From the topic titled “How does optix code compilation work?”:

I had a follow up question on this point. If we take C++ compilation as an example, we can generate .obj files from .cpp files, which can then be linked together with symbol resolution to generate a final executable. A similar pattern for an optix pipeline might be to generate an optix module containing various shared utility functions and just supply that module when generating the final pipeline. Your comment leads me to believe that this may be possible but I’m not seeing how to do it using the current APIs. Hopefully I’m overlooking something. The issue is that a pipeline only takes ProgramGroups (not modules) as inputs, and for each ProgramGroup entry point it seems like you can only specify a single module.

Up until now, I’ve been inlining all shared functions so they get (conceptually) duplicated in each program group, so I’m wondering if there a way to do this without inlining, using a form of symbol resolution, or is inlining the recommended approach for code sharing between optix program groups / pipelines?

(Also noted is that another potential way to share code is via direct/continuation callables. I’m ignoring that option for now since it seems to require additional programmatic setup code for each function you want to share.)

Hi Mark,

I’m seeing a few different issues in your question that could be answered separately.

First, code that calls any OptiX device functions (prefixed with “optix”) is always going to be inlined. If your utility code has no dependences and doesn’t call OptiX device functions, then it can probably be shared, but otherwise inlining is the only choice.

Callables are the primary mechanism we offer for calling shared code without inlining it, and you’re right they do require additional setup. This might not be appropriate for small utility functions, but it does address the question you raised about how to include the shared code in the OptiX Pipeline.

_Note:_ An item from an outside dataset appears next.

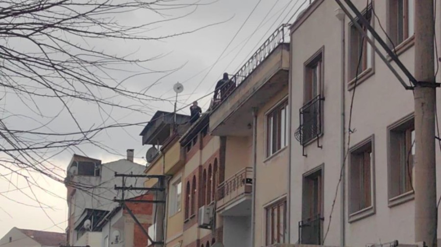 Bursa'nın İnegöl İlçesi Turgutalp mahallesinde tahliye kararı nedeniyle evinden çıkarılan kadın, intihar girişimi için çatıya çıktı.

Sharing vs inlining are two potentially different things. You might want both, which is the main reason our SDK examples share utility code by duplicating the definitions. Inlining usually benefits code execution speed at the expense of compile time, so we tend to recommend inlining unless compile times are problematic, even for shared utility code. While this next suggestion doesn’t address the issue of how to include shared code outside of a ProgramGroup, I believe you can declare device functions you’d like to share as extern, and refer to them across modules via having a forward extern declaration in the module that does not have the function’s definition. You could elect to compile the definitions of shared code in one of the modules needed by your program groups, and refer to them from the other modules. But be really careful with this, since it could slow down your code dramatically, it’s not typically a great solution for sharing a lot of small utility functions. Instead of being inlined, the extern-declared functions will each turn into a function call (even in the same module) that will use extra registers and can lead to register spilling. If utility functions call other utility functions, you could accidentally end up with an expensive recursive call chain. On top of this, preventing inlining also prevents optimization across the call boundary, which can do ugly things like force constants into memory that used to be compiled out. Getting the behavior you want, and finding the right balance between inlined and not-inlined code might actually be easier with the explicit control that callable programs offer, despite the extra work it takes to set them up.


David.

Thanks for the detailed explanation David! That clears things up. I mainly wanted to check I wasn’t missing out on another mechanism for code sharing that I wasn’t aware of. I hadn’t explored callables much before, but it’s time to take a closer look since they do sound like they fit the bill for our use case.

Mark